Created: Tuesday, 04 June 2013 02:52

Much has been written recently about the possible DNA mapping and cloning of the Thylacine and a possible reintroduction of the species at some stage back into the wild.

I cannot help but think that this exercise is nothing but a mere monetary waste by scientists and is a far fetched idea that is neither practical or feasible!

15 Years of anticipated or expected research, which they claim (By the year 2020) we may have our first ever cloned Thylacine on display and at the expense of today’s monetary value of $80 million. My research cannot even obtain 80 cents in sponsorship let alone the $80,000,000 that others have secured.
If I could obtain $80,000 and also had 15 months to enable me to secure the evidence then I believe that my research program will be far more beneficial and will outweigh the unnecessary waste of public monies on a cloning exercise that is highly unlikely to ever achieve the results that are being touted.

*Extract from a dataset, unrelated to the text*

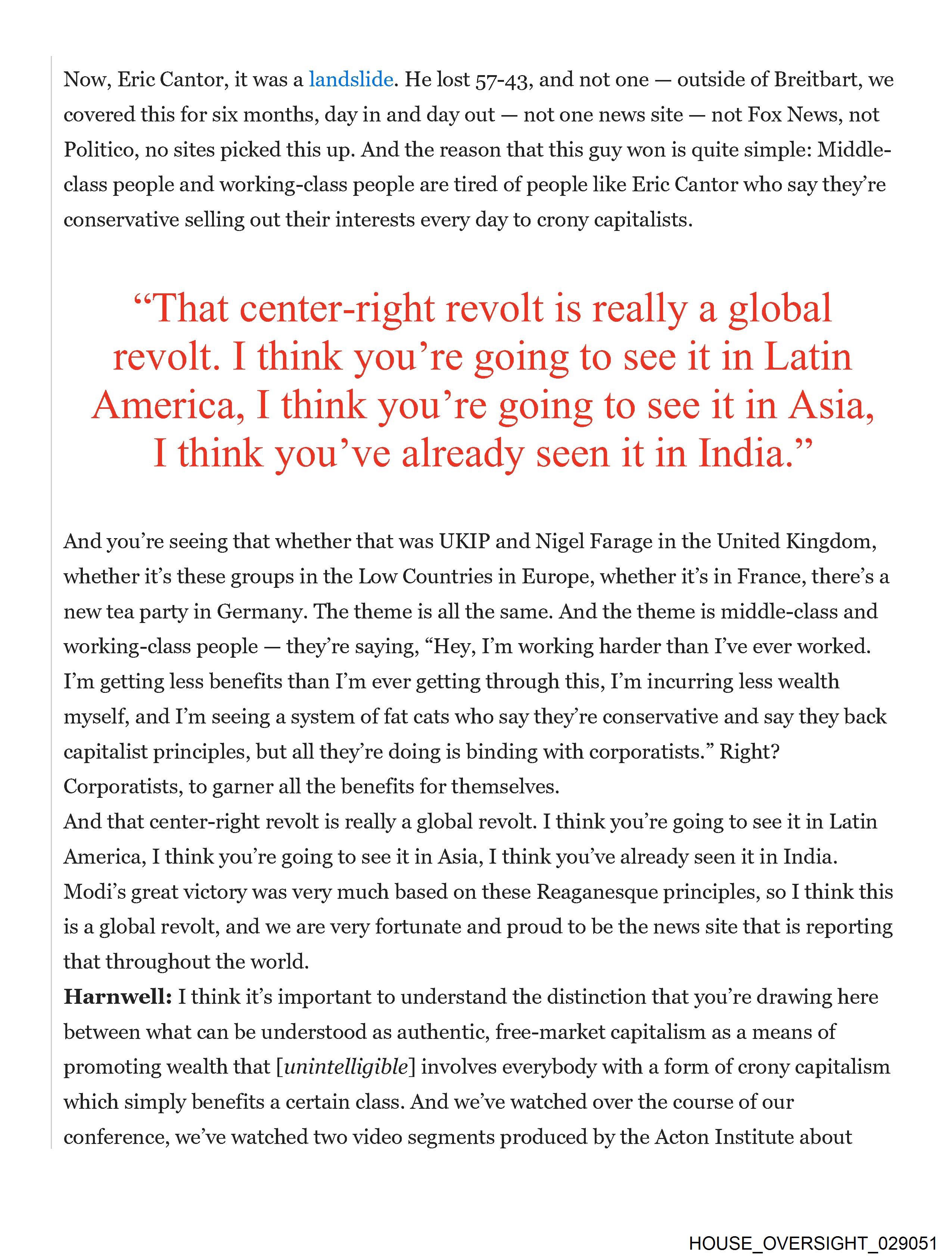 The image displays a section of a printed document with text and a red box highlighting some words. The text is too small to read clearly from this angle, but it appears to be a page from an article or publication discussing global political movements. There is no visible person or specific location within the frame. The focus is on the highlighted text, suggesting it's an important quote or statement related to center-right revolutions in various parts of the world.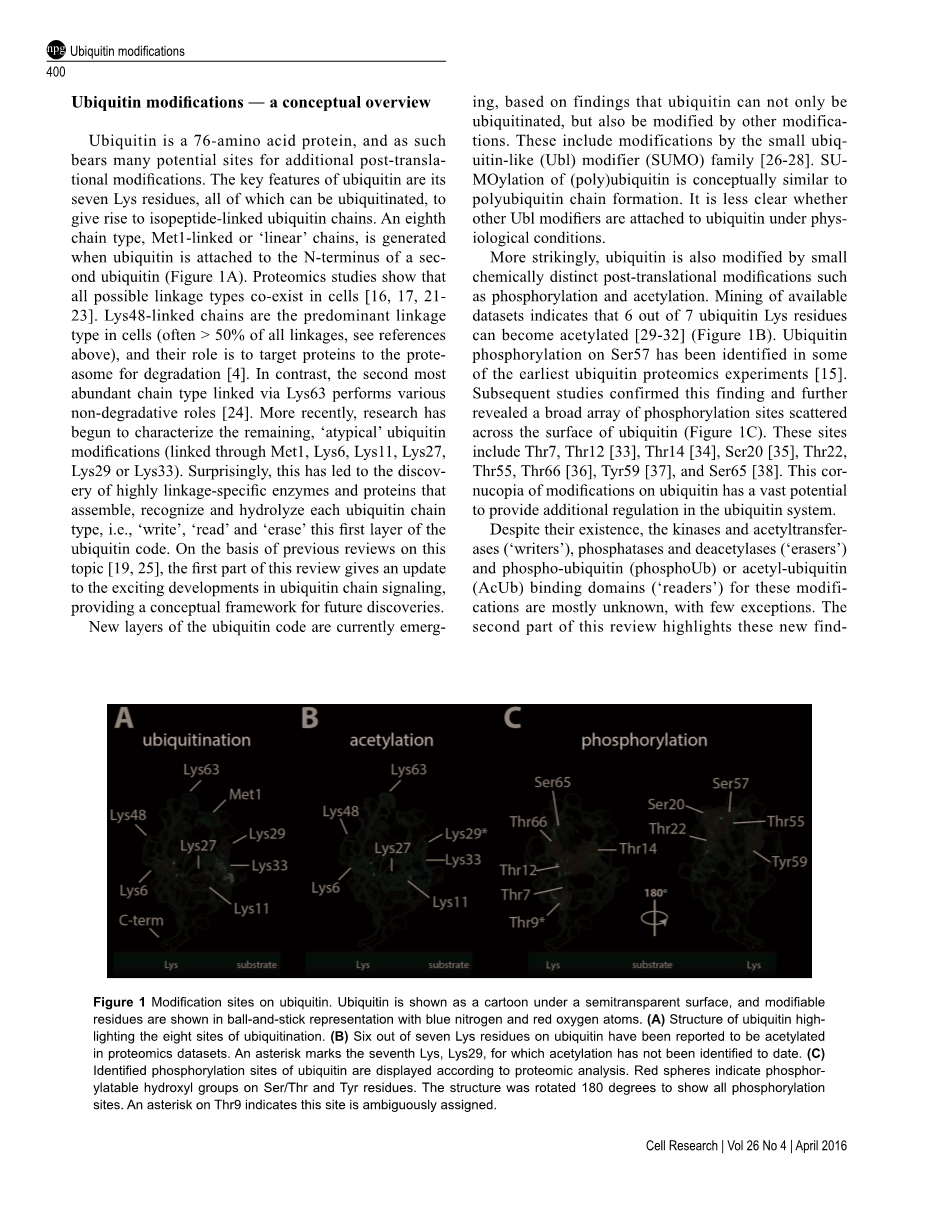 尽管存在这些修饰的激酶和乙酰转移酶(lsquo;writersrsquo;),磷酸酶和脱乙酰基酶(lsquo;erasersrsquo;)和磷酸泛素(phosphoUb)或乙酰泛素(AcUb)结合结构域(lsquo;readersrsquo;),除少数例外,它们的修饰仍然大部分是未知的。这篇综述的第二部分重点介绍了这些新的发现

Not only would my research be able to produce the conclusive evidence that the thylacine is alive and well, but it could significantly enhance a scientific project with the sudden availability of fresh DNA from a living animal and not having to try to extract old DNA from bone fragments and pieces of animal tissue from carcasses well over 100 years in age!

I can categorically say to you the reader of this material “that the thylacine will make a remarkable come back one day despite all of the odds and hopefully it will occur in the not too distant future and that it will be through natural causes and not through the DNA cloning process”!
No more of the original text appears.